The forestry mill tax pays for the maintenance of 23 state forests, forest-fire prevention and suppression infrastructure, debt service on the state’s Knowles-Nelson Stewardship Fund, and other programs involving the health and economic and productivity of woodlands public and private. The state currently taxes property owners 16.97 cents for each $1,000 of a property’s value. In the state’s 2016-17 fiscal year, this tax raised $85,722,700 for the state.

An analysis from the nonpartisan Legislative Fiscal Bureau shows the median home value in Wisconsin in 2016 was $155,657 — someone owning a home with that value would have paid a total of $26 in forestry mill tax, just shy of 1 percent of their total property tax bill.

Walker’s proposal would get rid of that tax levy and instead fund forestry programs by drawing on the state’s general funds. His budget currently provides for general-fund transfers to replace these tax revenues through 2019, which, the administration contends, would approximate what the state would raise assuming property values keep steadily increasing. In the LFB’s analysis, this projection adds up. The question, then, is what happens to Wisconsin’s forestry funding starting in 2020.

State legislators initially created the tax to bring some certainty to management of forests. In the late 19th and early 20th century, aggressive logging made an indelible mark on Wisconsin’s forests, and left them full of dry remnants that fueled forest fires. By the time the 1920s rolled around, state leaders wanted to make sure timber resources didn’t vanish, and started creating forest management programs and buying the land that is now the Chequamegon-Nicolet National Forest, as noted in the LFB report. Most Wisconsinites experience these policies through recreation, but they are central to the state’s multi-billion-dollar timber and paper industries.

Supporters of the forestry mill tax say this funding is integral in areas of the state where logging and tourism are primary industries, supporting jobs and other economic impacts. Timber trade groups have expressed opposition to the budget proposal, saying the elimination of the tax would have a negative impact on their industry.

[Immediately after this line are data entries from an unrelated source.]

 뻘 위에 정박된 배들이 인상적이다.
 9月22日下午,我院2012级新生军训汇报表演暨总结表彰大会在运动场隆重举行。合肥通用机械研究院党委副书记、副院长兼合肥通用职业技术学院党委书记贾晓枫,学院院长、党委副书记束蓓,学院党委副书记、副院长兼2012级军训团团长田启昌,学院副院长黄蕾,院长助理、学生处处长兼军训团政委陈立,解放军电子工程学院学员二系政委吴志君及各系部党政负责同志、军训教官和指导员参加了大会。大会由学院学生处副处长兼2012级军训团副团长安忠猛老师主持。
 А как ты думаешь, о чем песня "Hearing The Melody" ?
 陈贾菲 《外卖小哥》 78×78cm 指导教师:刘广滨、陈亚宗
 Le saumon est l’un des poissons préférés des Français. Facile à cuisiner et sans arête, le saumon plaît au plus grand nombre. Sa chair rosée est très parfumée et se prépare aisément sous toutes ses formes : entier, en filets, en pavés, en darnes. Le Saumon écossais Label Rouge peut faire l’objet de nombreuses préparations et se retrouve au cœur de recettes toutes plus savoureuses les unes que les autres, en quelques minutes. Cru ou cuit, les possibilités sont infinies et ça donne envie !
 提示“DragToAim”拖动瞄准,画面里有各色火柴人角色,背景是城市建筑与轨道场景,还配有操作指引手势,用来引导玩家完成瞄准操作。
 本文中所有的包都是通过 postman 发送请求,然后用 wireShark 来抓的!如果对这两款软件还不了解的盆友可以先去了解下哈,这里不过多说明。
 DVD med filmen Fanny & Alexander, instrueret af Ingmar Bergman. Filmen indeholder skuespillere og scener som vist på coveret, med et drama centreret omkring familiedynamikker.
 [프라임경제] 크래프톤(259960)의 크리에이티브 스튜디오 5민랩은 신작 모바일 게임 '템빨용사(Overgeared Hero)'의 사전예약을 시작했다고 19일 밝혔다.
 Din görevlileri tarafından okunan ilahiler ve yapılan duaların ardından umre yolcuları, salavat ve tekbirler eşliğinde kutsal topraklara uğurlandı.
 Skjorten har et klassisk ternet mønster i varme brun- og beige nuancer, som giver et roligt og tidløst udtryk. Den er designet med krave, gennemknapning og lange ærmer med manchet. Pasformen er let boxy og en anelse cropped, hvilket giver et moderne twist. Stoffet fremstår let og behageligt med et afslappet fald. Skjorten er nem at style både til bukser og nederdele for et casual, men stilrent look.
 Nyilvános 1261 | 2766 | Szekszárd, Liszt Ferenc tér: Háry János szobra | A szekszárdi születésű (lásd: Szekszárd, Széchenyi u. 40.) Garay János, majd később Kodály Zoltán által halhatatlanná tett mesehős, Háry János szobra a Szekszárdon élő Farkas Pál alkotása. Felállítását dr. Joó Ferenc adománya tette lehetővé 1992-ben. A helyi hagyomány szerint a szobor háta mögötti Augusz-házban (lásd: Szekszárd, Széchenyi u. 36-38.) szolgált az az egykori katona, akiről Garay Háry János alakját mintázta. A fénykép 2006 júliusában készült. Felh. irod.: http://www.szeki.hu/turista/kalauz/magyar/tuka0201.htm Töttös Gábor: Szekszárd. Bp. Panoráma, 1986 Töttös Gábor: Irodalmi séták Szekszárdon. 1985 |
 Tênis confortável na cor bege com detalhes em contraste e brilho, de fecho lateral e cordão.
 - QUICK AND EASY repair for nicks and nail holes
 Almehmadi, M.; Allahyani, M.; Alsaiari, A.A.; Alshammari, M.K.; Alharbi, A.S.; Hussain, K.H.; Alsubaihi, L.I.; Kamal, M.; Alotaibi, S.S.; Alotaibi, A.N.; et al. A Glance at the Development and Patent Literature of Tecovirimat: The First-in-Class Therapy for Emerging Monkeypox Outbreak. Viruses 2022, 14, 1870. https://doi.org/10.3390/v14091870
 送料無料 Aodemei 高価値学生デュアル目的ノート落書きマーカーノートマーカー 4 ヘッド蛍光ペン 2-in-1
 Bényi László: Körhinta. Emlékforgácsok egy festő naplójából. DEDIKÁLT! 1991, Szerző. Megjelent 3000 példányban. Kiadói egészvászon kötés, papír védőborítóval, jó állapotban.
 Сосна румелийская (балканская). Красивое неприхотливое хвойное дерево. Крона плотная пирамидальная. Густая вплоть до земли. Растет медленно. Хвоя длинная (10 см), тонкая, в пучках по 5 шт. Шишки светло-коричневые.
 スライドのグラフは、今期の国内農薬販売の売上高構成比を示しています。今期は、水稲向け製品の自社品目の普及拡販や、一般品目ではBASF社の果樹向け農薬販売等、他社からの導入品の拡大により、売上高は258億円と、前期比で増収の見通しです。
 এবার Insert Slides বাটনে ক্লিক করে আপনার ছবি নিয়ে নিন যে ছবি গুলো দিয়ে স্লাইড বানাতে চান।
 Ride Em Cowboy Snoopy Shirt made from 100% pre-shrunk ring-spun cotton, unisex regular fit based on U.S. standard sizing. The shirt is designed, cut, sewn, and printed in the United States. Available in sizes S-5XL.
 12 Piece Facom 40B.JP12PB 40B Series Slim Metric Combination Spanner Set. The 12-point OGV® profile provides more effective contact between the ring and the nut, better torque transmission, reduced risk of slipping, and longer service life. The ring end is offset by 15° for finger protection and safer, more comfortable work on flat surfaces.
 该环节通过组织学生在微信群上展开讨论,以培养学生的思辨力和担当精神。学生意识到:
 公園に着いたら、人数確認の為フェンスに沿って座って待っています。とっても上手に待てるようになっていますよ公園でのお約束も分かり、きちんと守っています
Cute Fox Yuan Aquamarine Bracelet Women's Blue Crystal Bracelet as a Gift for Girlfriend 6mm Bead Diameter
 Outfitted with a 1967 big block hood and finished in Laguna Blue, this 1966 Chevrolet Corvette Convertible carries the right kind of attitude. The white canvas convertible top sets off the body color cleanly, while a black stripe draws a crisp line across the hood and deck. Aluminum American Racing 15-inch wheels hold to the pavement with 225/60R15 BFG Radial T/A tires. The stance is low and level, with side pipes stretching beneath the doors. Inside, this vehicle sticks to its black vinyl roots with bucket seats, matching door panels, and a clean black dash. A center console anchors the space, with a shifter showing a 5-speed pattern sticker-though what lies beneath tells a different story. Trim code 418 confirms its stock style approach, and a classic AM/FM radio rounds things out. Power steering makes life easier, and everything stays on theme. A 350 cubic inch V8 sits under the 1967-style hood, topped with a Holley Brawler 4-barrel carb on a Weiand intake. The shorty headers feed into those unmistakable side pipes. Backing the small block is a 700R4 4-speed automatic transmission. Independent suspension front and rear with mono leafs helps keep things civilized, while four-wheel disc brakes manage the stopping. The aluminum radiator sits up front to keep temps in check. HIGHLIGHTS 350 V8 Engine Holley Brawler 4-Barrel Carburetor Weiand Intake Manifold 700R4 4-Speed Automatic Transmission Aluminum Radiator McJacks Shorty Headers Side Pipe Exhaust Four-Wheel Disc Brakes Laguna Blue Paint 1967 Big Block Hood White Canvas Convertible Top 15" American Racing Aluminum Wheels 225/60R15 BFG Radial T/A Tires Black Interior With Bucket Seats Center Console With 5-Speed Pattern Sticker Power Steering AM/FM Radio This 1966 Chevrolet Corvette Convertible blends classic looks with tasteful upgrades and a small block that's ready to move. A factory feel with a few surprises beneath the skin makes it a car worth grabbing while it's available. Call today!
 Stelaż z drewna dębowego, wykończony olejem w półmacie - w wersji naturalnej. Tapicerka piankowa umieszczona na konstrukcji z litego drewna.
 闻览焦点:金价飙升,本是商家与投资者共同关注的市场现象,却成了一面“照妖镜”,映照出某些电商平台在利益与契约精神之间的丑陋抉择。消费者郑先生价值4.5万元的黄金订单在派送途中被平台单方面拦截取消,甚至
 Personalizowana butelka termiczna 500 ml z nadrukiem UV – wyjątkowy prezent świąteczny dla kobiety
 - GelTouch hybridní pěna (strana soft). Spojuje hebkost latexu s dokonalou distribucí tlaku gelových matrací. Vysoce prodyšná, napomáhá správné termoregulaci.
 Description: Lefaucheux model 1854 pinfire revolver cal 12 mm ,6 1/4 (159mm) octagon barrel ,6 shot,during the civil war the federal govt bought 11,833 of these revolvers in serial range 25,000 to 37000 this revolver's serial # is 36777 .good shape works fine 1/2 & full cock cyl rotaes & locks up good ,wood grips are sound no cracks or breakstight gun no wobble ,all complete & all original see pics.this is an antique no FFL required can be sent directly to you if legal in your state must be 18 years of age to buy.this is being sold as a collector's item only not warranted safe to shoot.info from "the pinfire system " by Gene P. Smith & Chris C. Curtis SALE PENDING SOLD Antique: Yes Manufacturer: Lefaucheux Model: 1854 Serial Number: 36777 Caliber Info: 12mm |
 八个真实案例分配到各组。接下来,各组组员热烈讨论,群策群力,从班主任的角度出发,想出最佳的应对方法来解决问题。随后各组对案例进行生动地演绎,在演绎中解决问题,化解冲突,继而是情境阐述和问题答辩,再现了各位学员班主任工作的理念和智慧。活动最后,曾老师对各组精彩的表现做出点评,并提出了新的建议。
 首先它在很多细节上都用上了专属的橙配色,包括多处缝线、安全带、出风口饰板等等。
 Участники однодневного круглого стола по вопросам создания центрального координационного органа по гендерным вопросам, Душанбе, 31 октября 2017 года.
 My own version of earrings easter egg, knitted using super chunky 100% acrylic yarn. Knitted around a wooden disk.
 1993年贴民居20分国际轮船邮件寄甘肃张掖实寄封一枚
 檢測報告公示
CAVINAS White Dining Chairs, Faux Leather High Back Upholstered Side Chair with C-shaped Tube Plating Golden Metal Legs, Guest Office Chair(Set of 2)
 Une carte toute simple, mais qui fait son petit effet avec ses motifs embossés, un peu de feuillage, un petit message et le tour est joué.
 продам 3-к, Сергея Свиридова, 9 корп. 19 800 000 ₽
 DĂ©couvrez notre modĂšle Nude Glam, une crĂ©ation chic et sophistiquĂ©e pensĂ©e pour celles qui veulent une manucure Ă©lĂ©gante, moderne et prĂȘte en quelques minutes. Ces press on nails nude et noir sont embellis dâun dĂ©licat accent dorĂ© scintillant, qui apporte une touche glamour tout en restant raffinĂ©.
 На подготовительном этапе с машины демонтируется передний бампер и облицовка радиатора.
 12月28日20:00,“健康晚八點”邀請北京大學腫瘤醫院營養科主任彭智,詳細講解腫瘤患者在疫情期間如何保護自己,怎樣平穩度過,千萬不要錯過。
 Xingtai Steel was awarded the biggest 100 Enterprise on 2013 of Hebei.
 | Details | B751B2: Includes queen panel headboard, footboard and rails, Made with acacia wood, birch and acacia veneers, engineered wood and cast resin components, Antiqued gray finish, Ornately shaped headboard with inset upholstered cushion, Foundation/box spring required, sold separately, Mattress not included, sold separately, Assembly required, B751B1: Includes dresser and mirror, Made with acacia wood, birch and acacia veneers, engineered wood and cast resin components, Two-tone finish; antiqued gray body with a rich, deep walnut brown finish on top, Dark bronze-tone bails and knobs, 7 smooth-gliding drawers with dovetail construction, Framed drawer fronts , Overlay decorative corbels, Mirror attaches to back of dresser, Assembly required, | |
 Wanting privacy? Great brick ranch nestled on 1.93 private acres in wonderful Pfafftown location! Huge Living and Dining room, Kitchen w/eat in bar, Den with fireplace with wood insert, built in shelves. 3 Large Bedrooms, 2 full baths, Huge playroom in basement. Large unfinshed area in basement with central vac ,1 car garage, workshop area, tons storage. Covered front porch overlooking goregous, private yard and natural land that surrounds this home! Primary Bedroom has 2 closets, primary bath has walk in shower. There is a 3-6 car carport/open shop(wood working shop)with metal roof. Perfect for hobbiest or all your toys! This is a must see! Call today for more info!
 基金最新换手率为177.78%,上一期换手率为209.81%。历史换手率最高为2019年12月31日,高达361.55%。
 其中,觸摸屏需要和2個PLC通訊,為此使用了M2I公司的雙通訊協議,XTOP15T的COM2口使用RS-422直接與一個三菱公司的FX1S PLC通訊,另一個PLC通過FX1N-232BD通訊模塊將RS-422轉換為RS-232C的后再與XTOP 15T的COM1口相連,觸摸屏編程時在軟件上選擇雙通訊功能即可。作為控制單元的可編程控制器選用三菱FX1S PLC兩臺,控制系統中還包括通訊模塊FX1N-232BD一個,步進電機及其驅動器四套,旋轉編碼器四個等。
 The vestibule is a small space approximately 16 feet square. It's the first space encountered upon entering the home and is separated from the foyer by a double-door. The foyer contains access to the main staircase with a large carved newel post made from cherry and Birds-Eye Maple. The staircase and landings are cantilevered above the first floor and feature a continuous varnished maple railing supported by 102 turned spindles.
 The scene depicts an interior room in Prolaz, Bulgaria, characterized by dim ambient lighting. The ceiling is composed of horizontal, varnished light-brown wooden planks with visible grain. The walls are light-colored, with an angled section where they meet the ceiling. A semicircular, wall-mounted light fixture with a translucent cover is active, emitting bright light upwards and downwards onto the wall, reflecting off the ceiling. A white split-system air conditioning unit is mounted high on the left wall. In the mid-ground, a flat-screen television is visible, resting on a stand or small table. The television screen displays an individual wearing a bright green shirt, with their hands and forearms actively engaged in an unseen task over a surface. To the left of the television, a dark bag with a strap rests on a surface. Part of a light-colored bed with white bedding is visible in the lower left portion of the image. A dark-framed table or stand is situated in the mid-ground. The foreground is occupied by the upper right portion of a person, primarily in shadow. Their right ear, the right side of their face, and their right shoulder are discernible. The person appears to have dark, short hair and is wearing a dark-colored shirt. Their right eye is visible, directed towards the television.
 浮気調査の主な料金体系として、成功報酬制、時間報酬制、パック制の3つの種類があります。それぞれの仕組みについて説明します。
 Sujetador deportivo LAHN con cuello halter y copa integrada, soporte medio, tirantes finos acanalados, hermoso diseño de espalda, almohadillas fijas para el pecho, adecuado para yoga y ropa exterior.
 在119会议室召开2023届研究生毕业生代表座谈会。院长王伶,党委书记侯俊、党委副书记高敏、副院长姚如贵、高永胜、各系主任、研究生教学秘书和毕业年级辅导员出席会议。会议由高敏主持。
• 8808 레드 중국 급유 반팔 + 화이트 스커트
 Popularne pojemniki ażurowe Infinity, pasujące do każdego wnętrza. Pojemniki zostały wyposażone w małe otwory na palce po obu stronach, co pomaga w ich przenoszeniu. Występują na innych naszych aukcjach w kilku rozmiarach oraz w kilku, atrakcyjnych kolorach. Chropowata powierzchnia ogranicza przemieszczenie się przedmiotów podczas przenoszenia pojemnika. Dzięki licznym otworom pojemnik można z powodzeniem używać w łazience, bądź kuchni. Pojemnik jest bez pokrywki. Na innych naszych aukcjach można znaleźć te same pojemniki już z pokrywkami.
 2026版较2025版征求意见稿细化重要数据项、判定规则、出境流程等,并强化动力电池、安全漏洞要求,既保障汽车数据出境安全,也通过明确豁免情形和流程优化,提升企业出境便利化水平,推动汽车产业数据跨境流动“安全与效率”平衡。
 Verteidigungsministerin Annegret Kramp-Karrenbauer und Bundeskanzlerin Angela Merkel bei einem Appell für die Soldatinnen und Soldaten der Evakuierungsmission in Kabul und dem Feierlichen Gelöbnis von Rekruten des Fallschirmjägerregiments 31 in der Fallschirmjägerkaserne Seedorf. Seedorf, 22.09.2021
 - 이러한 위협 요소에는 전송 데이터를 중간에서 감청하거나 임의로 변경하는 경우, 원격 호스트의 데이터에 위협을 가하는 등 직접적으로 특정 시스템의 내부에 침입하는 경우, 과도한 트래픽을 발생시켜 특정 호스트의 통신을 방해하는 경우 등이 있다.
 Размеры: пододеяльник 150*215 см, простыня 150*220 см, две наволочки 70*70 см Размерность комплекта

Most of the forestry mill tax revenues go to support programs in northern, more rural regions of the state, an allocation that at least one Wisconsin state legislator has cited in support of its elimination. More generally, Walker’s proposal has seen support among some but not all members of the legislature’s Republican majority. Chipping away at property tax levels in one form or another has been a hallmark of the Walker administration, but those are only one part of the overall taxes an individual or family directly pays.

For Tom Larson, a lobbyist for the Wisconsin Realtors Association, the bottom line is that the proposal would reduce property tax bills, even only by very small amounts for most home and landowners. On a May 26, 2017, interview on Wisconsin Public Television’s Here And Now, he said there’s broad support for forestry programs in the legislature, and characterized the change as “just shifting revenue sources.”

In the same Here And Now segment, Forest Stewards Guild executive director Fred Clark warned that if forestry programs depend on the state’s general fund, that means they’ll inevitably end up competing with other needs.

“The general fund in the state is not a bottomless well,” Clark said. “Public schools, parks programs, and other important programs in the state that are funded from general revenue see their budgets swing from year to year … You’re already hearing the debate about how we will pay for roads, how we will pay for public schools that badly need those resources.”

Comparing the forestry mill tax to road funding sounds ominous but is apt. State legislators don’t dispute that roads are vital to the state’s economy, or that the legislature has a responsibility to fund its transportation priorities, but legislators and Walker aren’t agreeing yet on how to get there.

Forestry could be headed for a similar dynamic — broad consensus that it’s a worthwhile investment, but division on how to pay for it.